■ EXERCISE BRIEF
Retype, exactly as they appear below, the lines between the line holding "Множество очаровательных проституток" and the line holding "This bedroom design", both ends included.

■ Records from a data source
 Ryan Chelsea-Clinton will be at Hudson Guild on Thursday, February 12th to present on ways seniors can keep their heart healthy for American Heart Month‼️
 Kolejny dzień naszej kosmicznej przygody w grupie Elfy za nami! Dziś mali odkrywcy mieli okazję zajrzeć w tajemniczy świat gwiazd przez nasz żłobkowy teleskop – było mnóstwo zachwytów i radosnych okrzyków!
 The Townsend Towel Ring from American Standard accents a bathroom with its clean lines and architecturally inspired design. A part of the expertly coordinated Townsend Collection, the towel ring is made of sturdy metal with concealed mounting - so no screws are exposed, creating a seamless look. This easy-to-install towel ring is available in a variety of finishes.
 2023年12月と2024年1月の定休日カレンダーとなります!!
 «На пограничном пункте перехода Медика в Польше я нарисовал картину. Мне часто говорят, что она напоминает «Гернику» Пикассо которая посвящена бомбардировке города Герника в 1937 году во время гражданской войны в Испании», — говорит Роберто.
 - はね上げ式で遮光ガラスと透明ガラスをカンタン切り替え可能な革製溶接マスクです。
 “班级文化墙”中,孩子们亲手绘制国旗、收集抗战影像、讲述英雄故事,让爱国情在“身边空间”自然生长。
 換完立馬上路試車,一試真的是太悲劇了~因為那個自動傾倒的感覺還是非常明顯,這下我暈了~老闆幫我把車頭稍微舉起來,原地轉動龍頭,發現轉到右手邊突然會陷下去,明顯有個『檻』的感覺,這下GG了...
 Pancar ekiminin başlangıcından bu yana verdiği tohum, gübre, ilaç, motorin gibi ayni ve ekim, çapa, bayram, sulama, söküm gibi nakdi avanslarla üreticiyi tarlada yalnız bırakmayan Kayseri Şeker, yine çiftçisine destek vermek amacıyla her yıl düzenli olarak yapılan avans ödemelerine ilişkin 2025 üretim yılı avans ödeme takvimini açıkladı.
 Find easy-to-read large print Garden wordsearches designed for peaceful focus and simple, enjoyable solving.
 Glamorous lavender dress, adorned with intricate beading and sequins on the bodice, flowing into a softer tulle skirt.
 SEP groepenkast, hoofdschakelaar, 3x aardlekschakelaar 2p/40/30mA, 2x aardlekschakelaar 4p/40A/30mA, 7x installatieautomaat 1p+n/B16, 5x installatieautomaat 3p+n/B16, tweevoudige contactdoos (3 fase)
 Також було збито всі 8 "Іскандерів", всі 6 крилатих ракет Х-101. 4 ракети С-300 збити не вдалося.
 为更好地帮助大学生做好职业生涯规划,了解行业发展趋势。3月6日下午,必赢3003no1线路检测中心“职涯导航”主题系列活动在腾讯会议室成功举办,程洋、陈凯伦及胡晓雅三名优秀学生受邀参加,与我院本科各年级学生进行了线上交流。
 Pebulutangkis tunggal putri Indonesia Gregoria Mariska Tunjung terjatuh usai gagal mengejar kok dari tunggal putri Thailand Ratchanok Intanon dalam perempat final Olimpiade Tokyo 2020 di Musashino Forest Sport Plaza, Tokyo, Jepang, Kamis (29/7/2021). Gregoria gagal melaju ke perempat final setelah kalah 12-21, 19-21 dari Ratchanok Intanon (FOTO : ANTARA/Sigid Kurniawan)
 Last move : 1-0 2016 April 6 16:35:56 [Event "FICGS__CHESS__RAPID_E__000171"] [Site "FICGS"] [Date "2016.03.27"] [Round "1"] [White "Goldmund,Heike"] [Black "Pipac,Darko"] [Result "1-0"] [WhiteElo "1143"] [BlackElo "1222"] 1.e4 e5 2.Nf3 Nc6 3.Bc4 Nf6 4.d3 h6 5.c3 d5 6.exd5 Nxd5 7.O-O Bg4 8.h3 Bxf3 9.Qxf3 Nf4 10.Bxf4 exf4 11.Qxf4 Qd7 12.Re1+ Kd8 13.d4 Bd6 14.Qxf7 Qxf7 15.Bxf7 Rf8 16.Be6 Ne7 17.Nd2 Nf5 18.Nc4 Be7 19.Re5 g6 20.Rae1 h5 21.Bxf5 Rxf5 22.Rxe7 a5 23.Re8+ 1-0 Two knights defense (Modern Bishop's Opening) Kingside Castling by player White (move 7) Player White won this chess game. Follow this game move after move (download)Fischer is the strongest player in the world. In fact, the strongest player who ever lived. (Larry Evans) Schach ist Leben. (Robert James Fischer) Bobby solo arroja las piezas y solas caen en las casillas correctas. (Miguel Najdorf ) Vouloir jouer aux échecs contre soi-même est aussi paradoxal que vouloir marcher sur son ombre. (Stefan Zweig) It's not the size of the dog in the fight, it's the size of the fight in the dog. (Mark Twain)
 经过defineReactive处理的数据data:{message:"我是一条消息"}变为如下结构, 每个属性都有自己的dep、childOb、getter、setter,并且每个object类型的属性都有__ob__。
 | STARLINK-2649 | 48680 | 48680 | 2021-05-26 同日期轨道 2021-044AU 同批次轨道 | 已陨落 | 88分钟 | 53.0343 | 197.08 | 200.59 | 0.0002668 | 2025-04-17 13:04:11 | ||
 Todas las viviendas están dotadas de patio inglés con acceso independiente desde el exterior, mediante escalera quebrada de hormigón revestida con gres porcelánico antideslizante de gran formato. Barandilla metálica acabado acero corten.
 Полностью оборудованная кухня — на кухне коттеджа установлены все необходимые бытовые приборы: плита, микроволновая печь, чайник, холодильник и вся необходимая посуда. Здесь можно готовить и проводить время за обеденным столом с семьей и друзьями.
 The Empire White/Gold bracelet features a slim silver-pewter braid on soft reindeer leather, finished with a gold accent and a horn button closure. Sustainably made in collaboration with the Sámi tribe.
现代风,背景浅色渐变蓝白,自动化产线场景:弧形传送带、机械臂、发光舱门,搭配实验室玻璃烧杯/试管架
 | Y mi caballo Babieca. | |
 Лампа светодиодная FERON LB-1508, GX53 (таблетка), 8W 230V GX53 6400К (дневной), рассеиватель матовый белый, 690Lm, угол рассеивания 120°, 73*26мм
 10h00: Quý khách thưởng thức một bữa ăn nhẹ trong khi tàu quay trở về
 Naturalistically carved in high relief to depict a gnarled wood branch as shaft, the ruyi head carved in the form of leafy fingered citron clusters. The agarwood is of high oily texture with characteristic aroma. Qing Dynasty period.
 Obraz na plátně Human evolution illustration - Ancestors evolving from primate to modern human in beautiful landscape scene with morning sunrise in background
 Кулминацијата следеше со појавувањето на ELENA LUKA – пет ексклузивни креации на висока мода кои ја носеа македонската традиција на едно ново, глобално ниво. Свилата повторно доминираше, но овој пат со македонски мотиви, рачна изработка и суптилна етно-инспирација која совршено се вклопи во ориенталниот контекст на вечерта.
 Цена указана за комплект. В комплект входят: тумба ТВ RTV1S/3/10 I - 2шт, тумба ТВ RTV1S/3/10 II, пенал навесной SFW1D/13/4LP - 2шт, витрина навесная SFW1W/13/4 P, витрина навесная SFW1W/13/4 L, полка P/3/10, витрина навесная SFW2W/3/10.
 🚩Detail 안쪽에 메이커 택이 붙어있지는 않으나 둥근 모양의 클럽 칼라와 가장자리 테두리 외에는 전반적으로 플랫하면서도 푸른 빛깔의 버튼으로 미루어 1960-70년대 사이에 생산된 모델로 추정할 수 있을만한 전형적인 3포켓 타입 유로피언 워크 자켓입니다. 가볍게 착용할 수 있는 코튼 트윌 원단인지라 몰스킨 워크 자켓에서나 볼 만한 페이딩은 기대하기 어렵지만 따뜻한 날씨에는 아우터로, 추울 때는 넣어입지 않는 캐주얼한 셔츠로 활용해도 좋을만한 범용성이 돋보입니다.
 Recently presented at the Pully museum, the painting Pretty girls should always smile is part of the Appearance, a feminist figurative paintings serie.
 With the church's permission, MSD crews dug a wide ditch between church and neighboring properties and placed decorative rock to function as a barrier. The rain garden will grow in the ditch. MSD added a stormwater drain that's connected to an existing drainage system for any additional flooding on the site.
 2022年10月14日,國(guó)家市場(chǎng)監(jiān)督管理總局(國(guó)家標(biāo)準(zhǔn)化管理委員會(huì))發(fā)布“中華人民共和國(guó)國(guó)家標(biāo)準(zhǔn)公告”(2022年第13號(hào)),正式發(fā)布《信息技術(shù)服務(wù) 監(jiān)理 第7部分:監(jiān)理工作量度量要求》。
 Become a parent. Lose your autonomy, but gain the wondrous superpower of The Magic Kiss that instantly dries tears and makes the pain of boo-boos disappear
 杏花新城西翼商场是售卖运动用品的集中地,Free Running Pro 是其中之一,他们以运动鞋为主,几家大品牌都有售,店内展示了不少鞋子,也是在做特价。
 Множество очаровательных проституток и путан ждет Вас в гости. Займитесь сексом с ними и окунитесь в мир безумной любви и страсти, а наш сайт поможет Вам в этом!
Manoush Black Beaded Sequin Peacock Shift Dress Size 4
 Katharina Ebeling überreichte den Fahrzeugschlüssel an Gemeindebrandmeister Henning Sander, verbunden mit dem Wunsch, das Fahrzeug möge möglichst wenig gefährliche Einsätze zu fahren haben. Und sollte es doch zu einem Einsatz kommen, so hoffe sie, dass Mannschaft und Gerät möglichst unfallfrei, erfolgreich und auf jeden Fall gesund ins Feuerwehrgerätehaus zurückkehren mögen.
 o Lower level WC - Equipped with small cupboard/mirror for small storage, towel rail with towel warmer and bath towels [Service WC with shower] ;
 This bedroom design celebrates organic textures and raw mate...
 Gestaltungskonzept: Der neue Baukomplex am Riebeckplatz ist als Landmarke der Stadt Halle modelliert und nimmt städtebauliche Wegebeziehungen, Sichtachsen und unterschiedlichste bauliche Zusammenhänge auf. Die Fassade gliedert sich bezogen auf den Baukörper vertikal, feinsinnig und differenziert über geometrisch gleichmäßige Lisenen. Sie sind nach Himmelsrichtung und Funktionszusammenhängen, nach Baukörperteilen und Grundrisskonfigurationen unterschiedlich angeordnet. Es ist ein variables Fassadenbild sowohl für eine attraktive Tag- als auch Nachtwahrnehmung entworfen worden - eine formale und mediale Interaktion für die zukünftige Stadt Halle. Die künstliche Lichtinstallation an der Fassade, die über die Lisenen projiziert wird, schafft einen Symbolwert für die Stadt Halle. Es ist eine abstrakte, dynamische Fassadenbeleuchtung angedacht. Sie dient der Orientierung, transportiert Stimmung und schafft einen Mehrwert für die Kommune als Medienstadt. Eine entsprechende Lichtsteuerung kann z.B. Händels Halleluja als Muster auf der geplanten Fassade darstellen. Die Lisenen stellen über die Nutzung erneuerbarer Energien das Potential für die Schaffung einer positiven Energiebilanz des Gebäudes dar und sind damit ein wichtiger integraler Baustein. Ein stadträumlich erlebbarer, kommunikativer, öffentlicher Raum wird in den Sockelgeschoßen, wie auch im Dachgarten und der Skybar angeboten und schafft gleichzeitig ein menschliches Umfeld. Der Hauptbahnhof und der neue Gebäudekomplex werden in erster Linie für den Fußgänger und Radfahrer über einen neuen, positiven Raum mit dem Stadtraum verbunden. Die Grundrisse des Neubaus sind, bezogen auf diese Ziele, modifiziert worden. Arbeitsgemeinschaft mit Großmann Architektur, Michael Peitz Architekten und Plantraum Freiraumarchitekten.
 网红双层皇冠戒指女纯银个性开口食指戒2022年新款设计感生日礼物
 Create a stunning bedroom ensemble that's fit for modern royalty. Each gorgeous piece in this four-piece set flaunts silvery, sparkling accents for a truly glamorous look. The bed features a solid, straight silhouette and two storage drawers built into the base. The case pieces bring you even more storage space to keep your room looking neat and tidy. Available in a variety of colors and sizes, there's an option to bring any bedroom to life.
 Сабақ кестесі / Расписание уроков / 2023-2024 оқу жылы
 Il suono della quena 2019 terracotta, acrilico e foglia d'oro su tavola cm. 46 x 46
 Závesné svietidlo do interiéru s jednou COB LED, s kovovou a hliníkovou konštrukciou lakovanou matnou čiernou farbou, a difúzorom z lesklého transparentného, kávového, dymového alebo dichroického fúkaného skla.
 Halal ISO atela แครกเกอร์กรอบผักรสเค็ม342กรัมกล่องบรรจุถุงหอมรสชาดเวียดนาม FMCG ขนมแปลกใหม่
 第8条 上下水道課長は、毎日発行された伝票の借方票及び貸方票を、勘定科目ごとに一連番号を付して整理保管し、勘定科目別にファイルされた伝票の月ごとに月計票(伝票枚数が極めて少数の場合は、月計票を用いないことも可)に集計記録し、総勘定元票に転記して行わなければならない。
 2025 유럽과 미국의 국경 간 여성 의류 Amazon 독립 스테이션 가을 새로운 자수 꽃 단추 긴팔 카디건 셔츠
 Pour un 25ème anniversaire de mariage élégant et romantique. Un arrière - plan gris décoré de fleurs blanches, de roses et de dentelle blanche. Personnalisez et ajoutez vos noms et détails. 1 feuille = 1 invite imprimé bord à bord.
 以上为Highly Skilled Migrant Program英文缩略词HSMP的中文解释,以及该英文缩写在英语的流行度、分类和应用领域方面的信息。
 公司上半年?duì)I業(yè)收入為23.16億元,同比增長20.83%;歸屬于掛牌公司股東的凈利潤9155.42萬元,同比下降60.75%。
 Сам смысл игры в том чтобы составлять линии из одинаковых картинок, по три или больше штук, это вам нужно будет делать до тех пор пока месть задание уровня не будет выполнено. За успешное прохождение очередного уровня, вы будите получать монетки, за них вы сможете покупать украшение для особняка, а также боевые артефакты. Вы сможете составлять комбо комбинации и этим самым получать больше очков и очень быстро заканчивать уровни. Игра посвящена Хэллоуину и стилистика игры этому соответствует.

■ FINAL ANSWER
 Множество очаровательных проституток и путан ждет Вас в гости. Займитесь сексом с ними и окунитесь в мир безумной любви и страсти, а наш сайт поможет Вам в этом!
Manoush Black Beaded Sequin Peacock Shift Dress Size 4
 Katharina Ebeling überreichte den Fahrzeugschlüssel an Gemeindebrandmeister Henning Sander, verbunden mit dem Wunsch, das Fahrzeug möge möglichst wenig gefährliche Einsätze zu fahren haben. Und sollte es doch zu einem Einsatz kommen, so hoffe sie, dass Mannschaft und Gerät möglichst unfallfrei, erfolgreich und auf jeden Fall gesund ins Feuerwehrgerätehaus zurückkehren mögen.
 o Lower level WC - Equipped with small cupboard/mirror for small storage, towel rail with towel warmer and bath towels [Service WC with shower] ;
 This bedroom design celebrates organic textures and raw mate...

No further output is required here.